Analysis of histopathological damage showed significantly lower damage scores in both colon and jejunum of irinotecan-treated animals that had received both 250 and 500 mg/kg SBI, compared to those that had not. The density of lymphoid cells present in the lamina propria was decreased in gut tissues from animals gavaged with SBI, which was reflected in comparatively lower total white cell counts and percentages of neutrophils and lymphocytes in circulating blood. Reduced damage scores were most pronounced 2 and 4 days post-treatment in tissues from animals receiving SBI compared to treated controls. This also supports the potential anti-inflammatory role of SBI, suggesting that preparatory dosing prior to irinotecan treatment is not enough to stop the initial damage but helps to attenuate the induced inflammatory state which further drives the damage.
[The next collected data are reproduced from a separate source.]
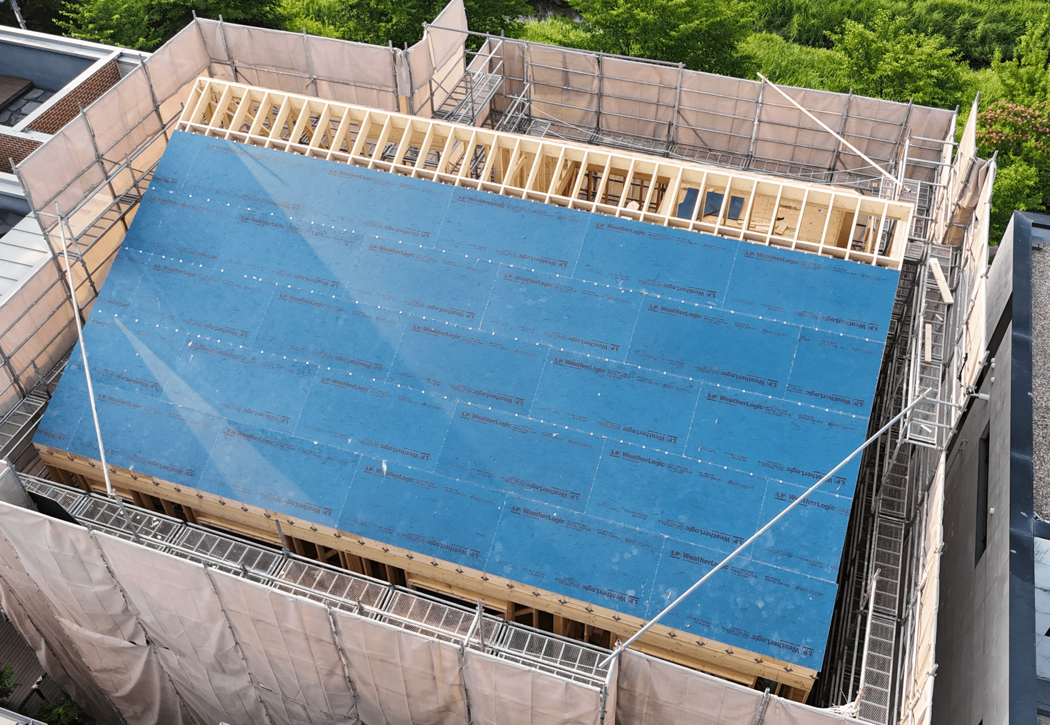 이 지붕의 WRB 레이어는 이 위에 통기층과 방수시트, 금속 지붕재로 내리는 비와 햇빛은 대부분 이 레이어까지 도달하지 못하지만, 일부라도 빗물이 WRB까지 도달하였을 때 이 물이 WRB 아래 단열재까지 도달하지 못하게 하는 마지막이자 유일한 방수층 입니다.(이 위에 시공되는 금속지붕재는 엄밀하게 보면 방수층이 아니라 배수층이죠) 전체적으로 투습성을 갖고 있어 어떤 식으로라도 벽체 내로 수분이 침투하였을 때 침투된 물이 수증기로 서서히 배출될 수 있도록 하는 역할입니다.
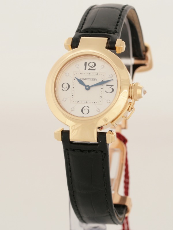 Продам часы Cartier Pasha (ref. vj11891j-1) новые, очень красивые. Выполнены из желтого золота 750 пр.(18 кар), циферблат украшен бриллиантами. Диаметр-32 мм. Ремешок черный кожаный. Безель фиксируется клипсой. В коробке, со всеми необходимыми документами. Дополнительный черный сатиновый ремешок в комплекте.
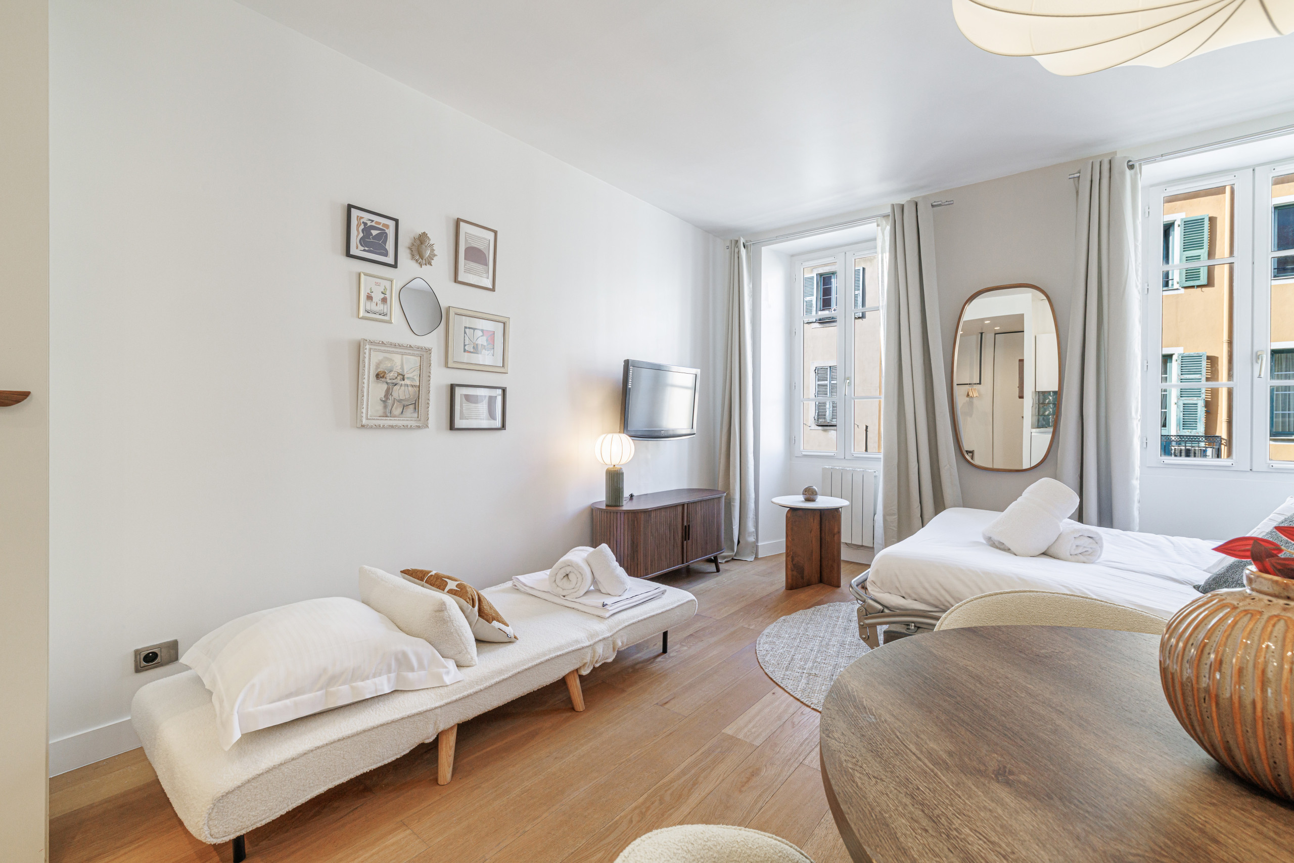 A Bright studio located between the Port of Nice and Garibaldi Square, in a lively and animated area, 100m from the tram that connects to the airport and a 10-minute walk from the beach.
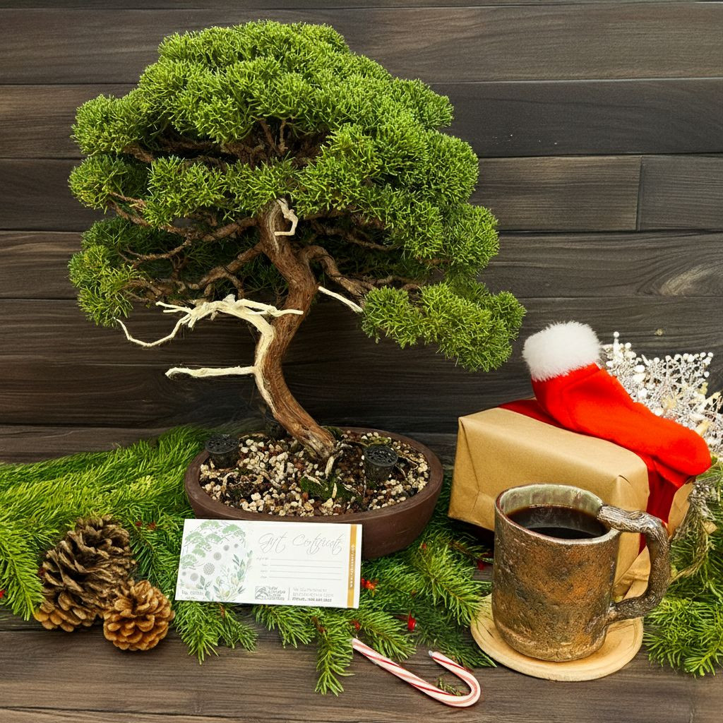 Give a gift bonsai lovers will actually use. This festive, old-school paper certificate is hand-filled by our team and mailed to you or directly to the recipient. Redeemable in-store at NEBG for trees, pots, tools, soil, and workshops.

Low-grade inflammation, either idiopathic or injury-induced, is associated with increased epithelial permeability in the gut due to degradation of occludin within tight junctions [
24]. Transepithelial bacterial translocation is then more likely to occur, thus increasing lipopolysaccharide exposure to the GALT, which then further drives the process through the release of pro-inflammatory cytokines, giving rise to clinical symptoms such as diarrhoea, malabsorption and subsequent weight loss. The process is thought to underpin chronic diseases such as IBS-D [
8] and HIV-associated enteropathy [
10], and physiologically stressful conditions such as malnutrition [
6] and weaning [
25], and is often accompanied by changes to the microbiota, which may further compound the inflammatory process. Gastrointestinal mucositis initiated by cancer therapy (chemotherapy, radiotherapy and targeted therapy) occurs through direct damage to gut epithelium and creation of reactive oxygen species; however, the subsequent mechanisms of inflammation, increased gut permeability and clinical symptoms are similar to the abovementioned conditions. It has been shown that IgG in SBI binds lipopolysaccharide from bacterial cell walls, thus protecting mucosal surfaces from bacterial antigenic exposure [
26,
27]. Similar binding effects have also been demonstrated for endotoxins [
22,
28,
23] and rotavirus [
18], further underpinning the importance of SBI in management of enteropathies [
29,
30]. Additional studies to explore the role of SBI in attenuating the intestinal inflammatory response and possible maintenance of the healthy microbiota in this animal model are currently underway.
The results from this study demonstrate that SBI shows significant promise in the management of chemotherapy-induced GI mucositis in an animal model. Positive effects of SBI in the management other enteropathies with similar symptom profiles in patients have also been demonstrated, perhaps paving the way for similar use of SBI in the supportive care of treatment-induced mucositis. Further studies to underpin exact mechanisms of action and effects on solid tumours are required, however, as well as comprehensive analyses of pro-inflammatory cytokines within gut tissue and microbiome alterations.